= Material provided =
------------
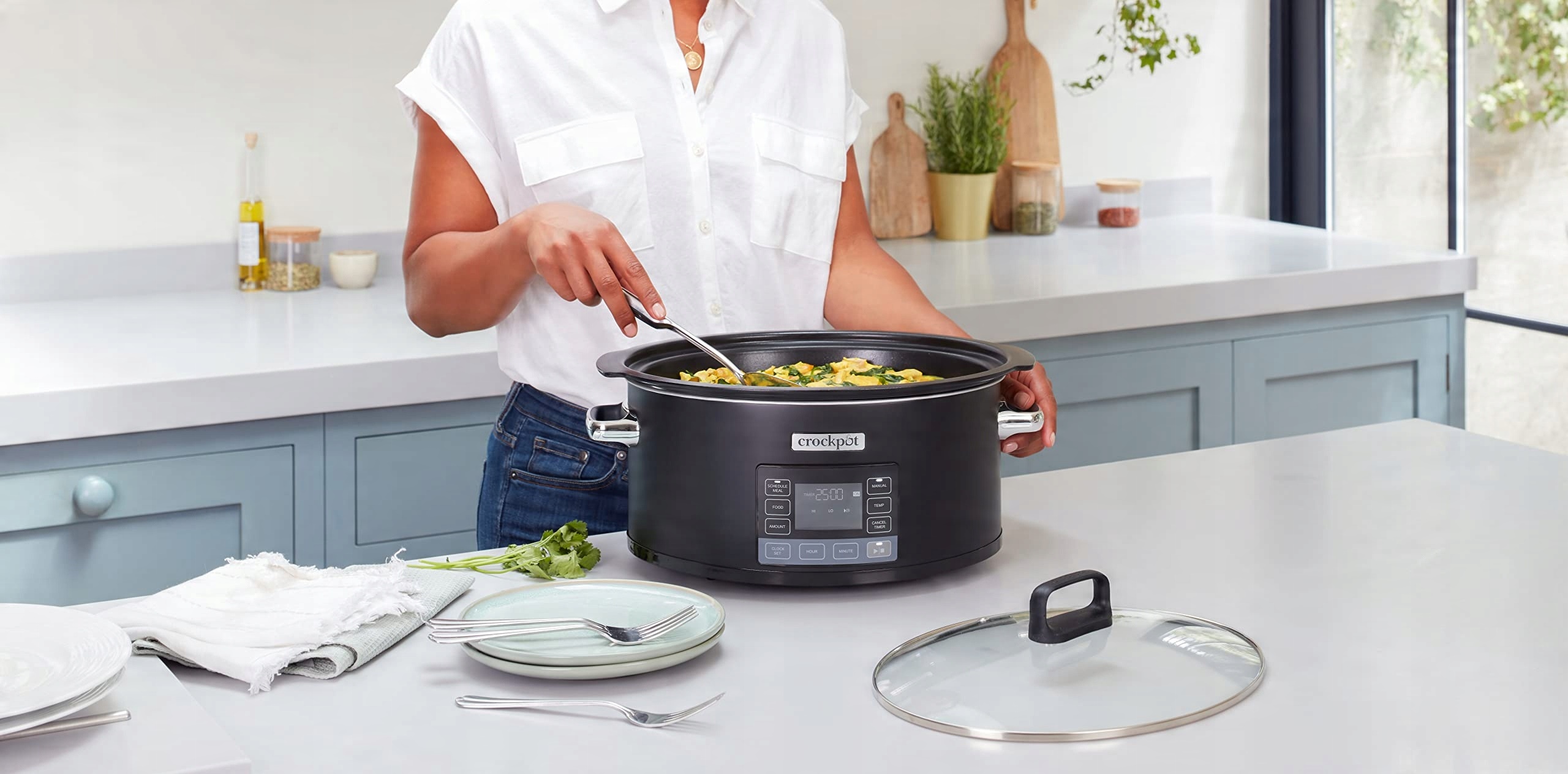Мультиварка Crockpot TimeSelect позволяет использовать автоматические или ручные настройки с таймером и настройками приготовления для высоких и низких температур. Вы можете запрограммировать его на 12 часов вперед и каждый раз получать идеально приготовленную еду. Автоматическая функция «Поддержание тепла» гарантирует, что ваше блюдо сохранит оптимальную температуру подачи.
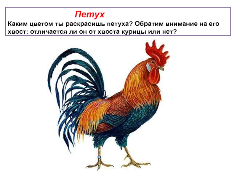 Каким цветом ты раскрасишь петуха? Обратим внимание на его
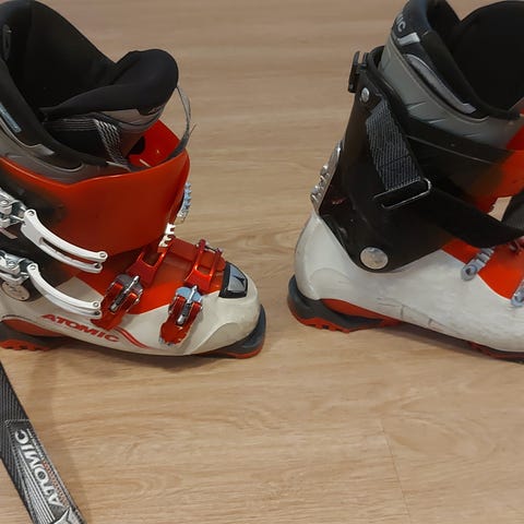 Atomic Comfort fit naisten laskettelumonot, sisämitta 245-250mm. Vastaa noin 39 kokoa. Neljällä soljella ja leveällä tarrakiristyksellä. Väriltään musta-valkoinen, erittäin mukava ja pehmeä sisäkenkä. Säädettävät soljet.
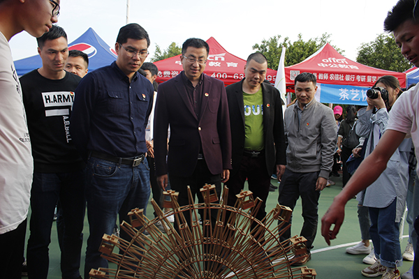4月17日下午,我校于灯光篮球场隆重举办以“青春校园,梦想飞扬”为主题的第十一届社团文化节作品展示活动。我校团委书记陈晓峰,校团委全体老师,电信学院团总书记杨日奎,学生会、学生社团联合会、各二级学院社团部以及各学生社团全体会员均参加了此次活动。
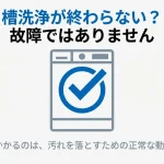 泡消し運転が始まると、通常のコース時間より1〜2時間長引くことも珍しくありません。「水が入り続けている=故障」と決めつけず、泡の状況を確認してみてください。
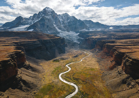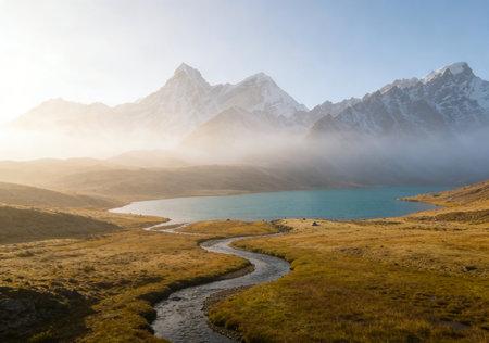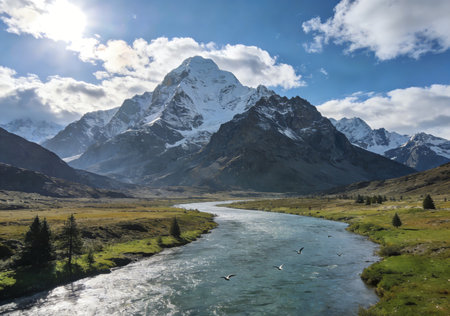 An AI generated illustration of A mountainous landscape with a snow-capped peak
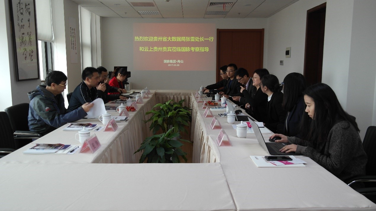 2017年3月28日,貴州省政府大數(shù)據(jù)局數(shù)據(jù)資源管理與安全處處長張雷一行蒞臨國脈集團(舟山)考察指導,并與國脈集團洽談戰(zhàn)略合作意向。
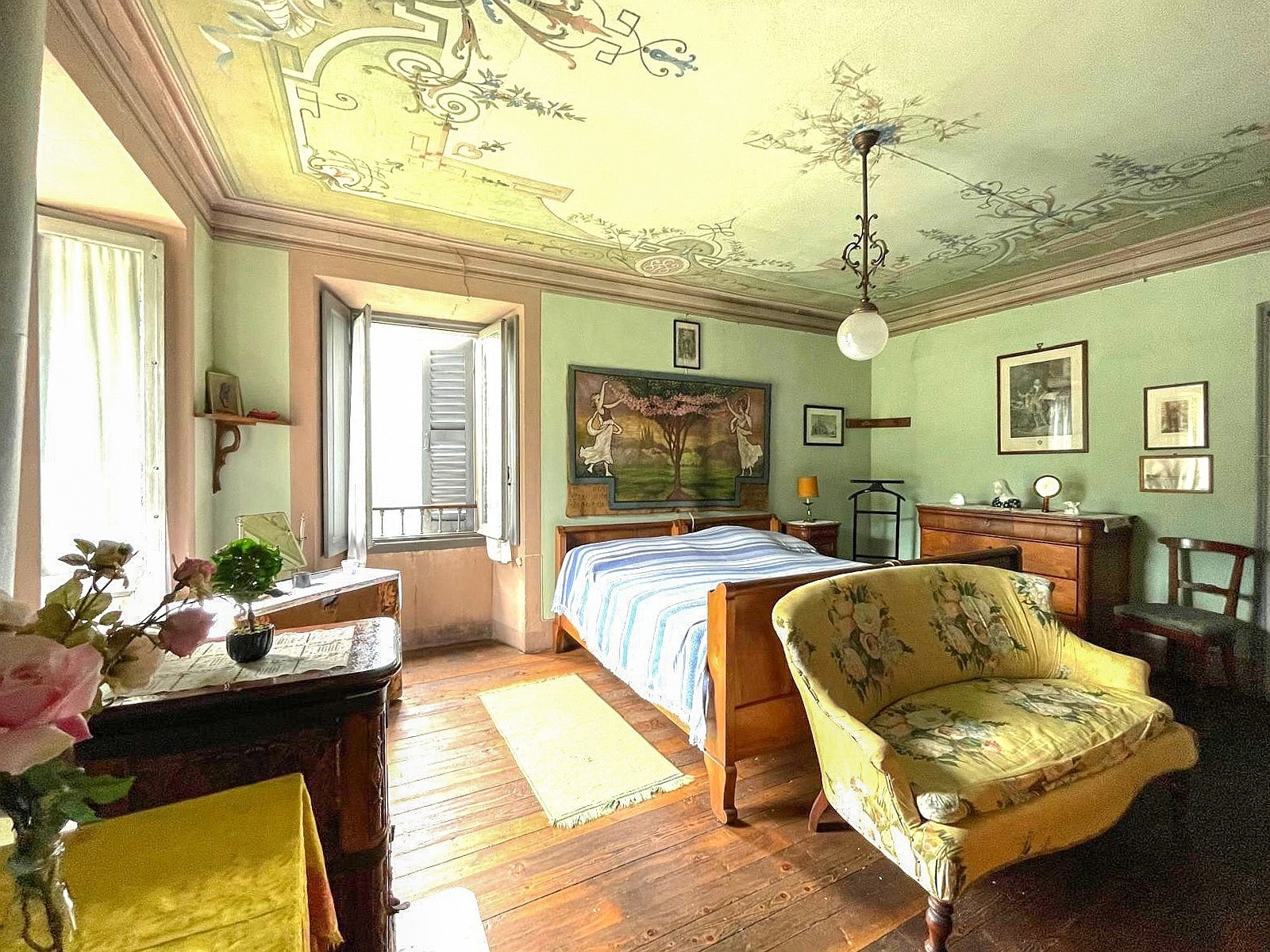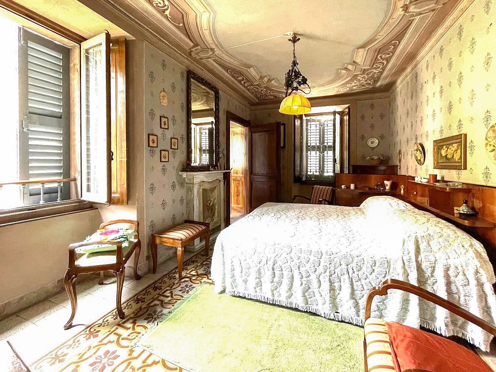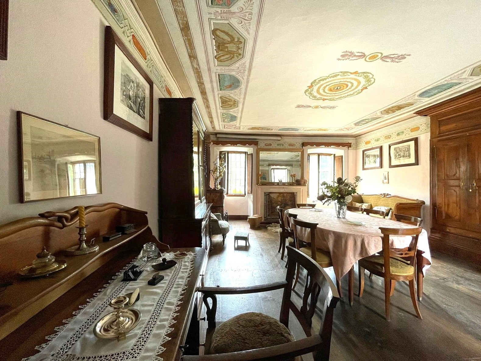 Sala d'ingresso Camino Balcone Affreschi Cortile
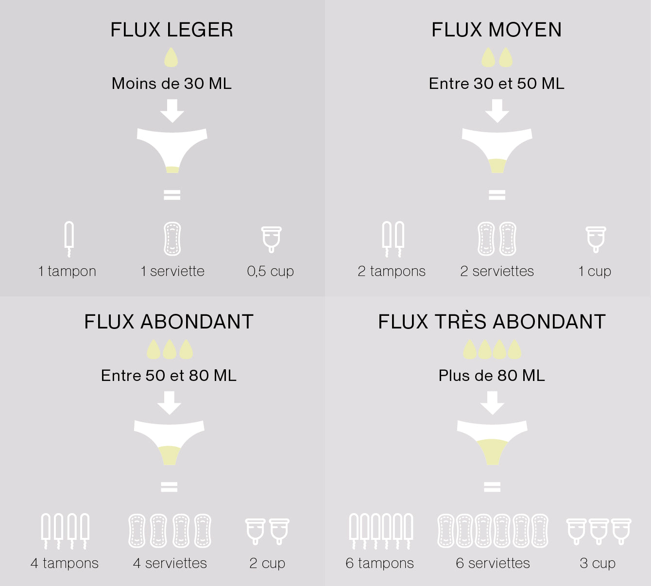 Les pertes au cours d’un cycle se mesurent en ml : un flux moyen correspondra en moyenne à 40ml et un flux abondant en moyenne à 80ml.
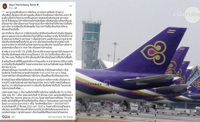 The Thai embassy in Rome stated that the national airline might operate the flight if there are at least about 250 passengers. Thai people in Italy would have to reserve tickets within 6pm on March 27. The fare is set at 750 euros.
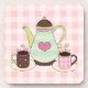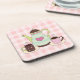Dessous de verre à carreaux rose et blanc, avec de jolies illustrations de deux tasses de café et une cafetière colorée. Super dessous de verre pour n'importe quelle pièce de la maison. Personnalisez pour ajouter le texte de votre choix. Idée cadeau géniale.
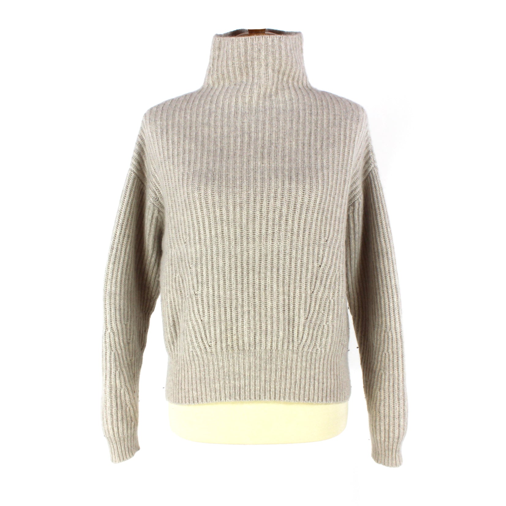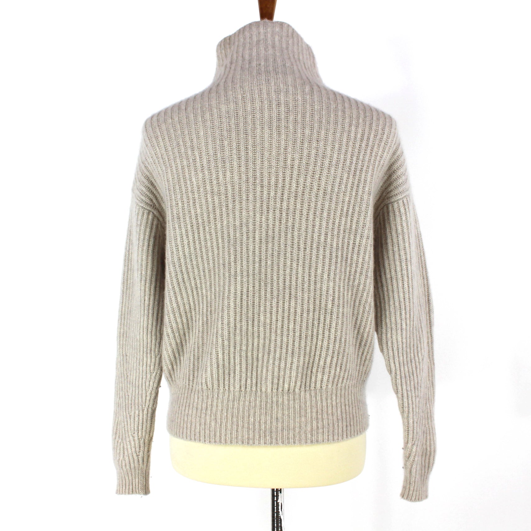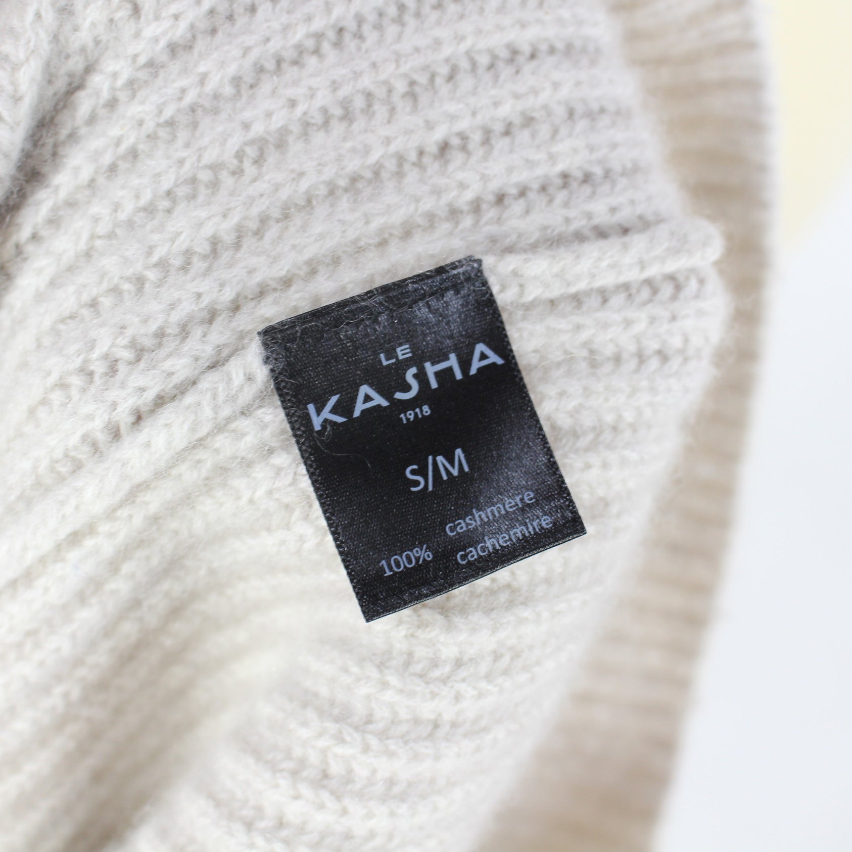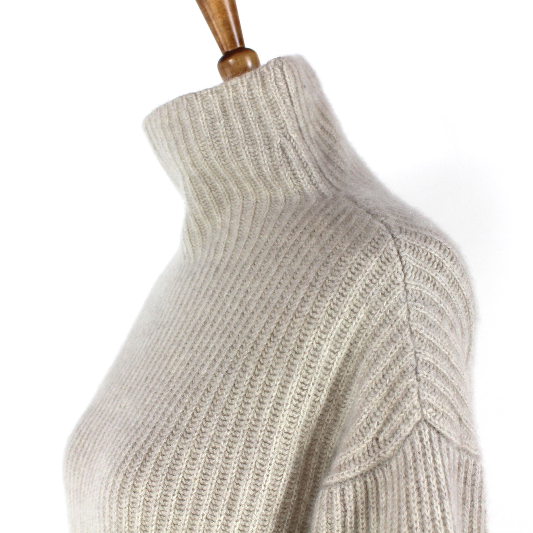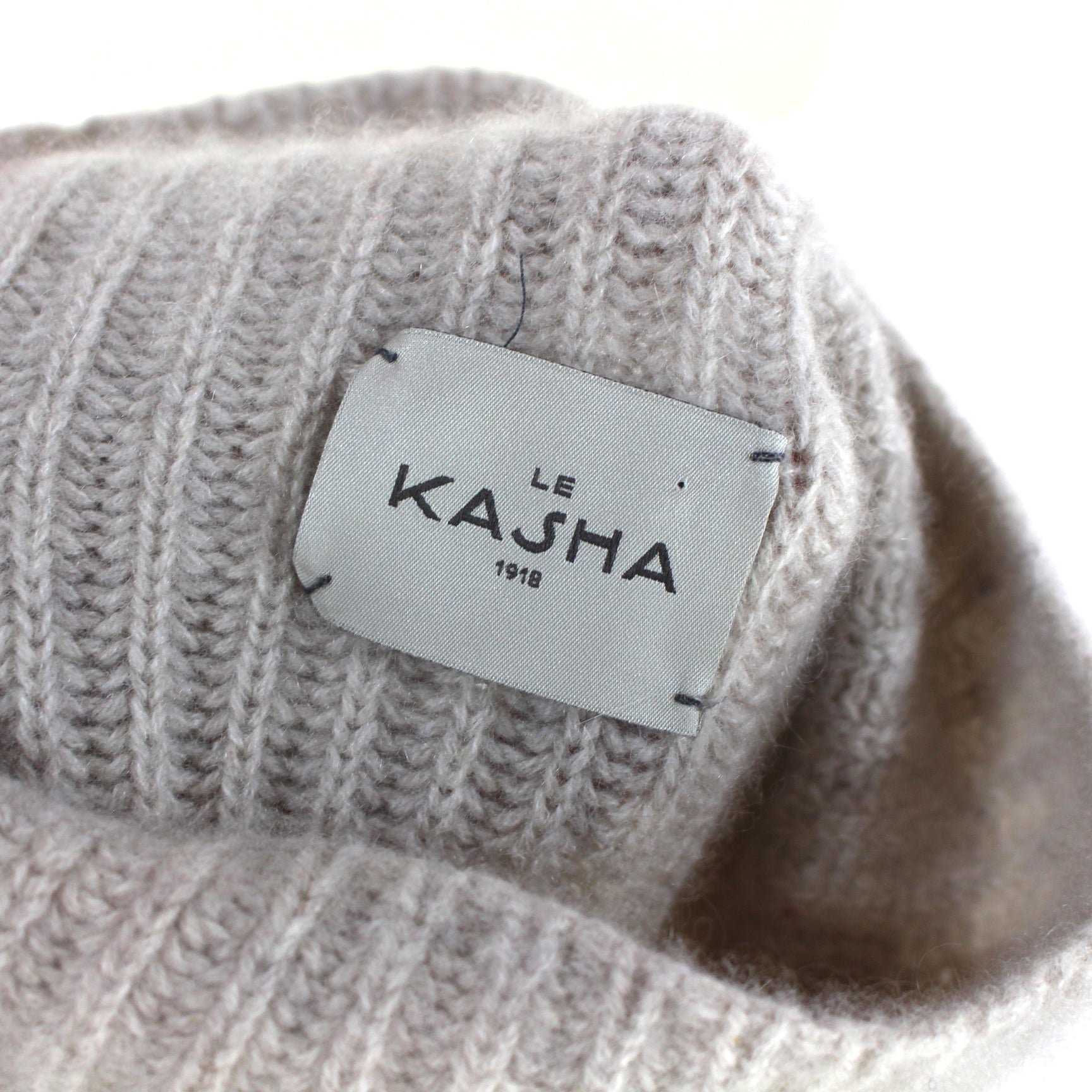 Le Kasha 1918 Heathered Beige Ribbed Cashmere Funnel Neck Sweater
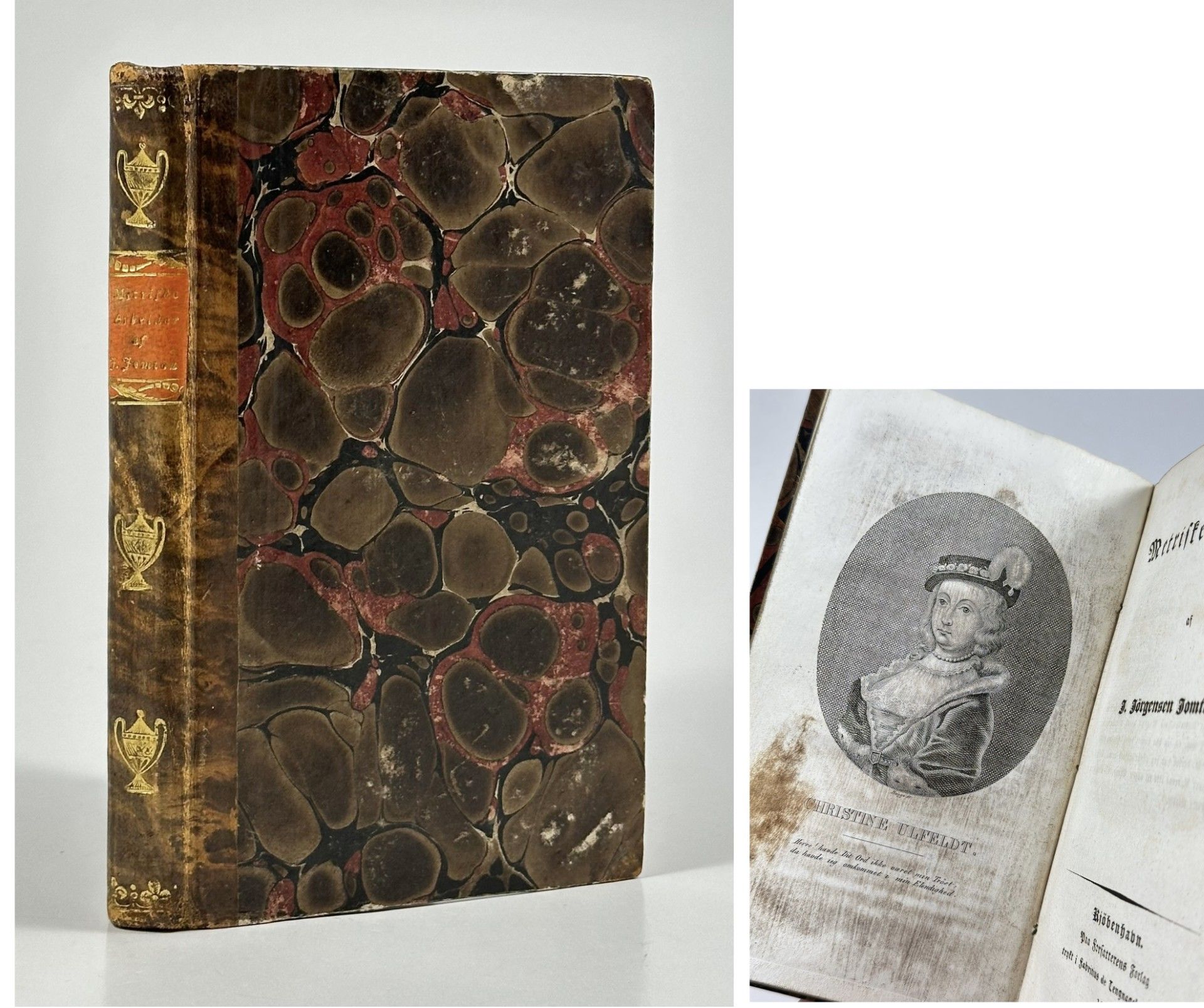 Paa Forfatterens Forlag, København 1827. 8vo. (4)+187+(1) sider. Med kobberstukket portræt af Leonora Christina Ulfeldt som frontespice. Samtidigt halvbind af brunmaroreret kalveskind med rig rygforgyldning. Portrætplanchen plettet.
------------
= Your assignment =
Copy, word for word, the entries above from the first line to the line that holds "Каким цветом ты". Drop the pictures.

= Answer area =
Мультиварка Crockpot TimeSelect позволяет использовать автоматические или ручные настройки с таймером и настройками приготовления для высоких и низких температур. Вы можете запрограммировать его на 12 часов вперед и каждый раз получать идеально приготовленную еду. Автоматическая функция «Поддержание тепла» гарантирует, что ваше блюдо сохранит оптимальную температуру подачи.
 Каким цветом ты раскрасишь петуха? Обратим внимание на его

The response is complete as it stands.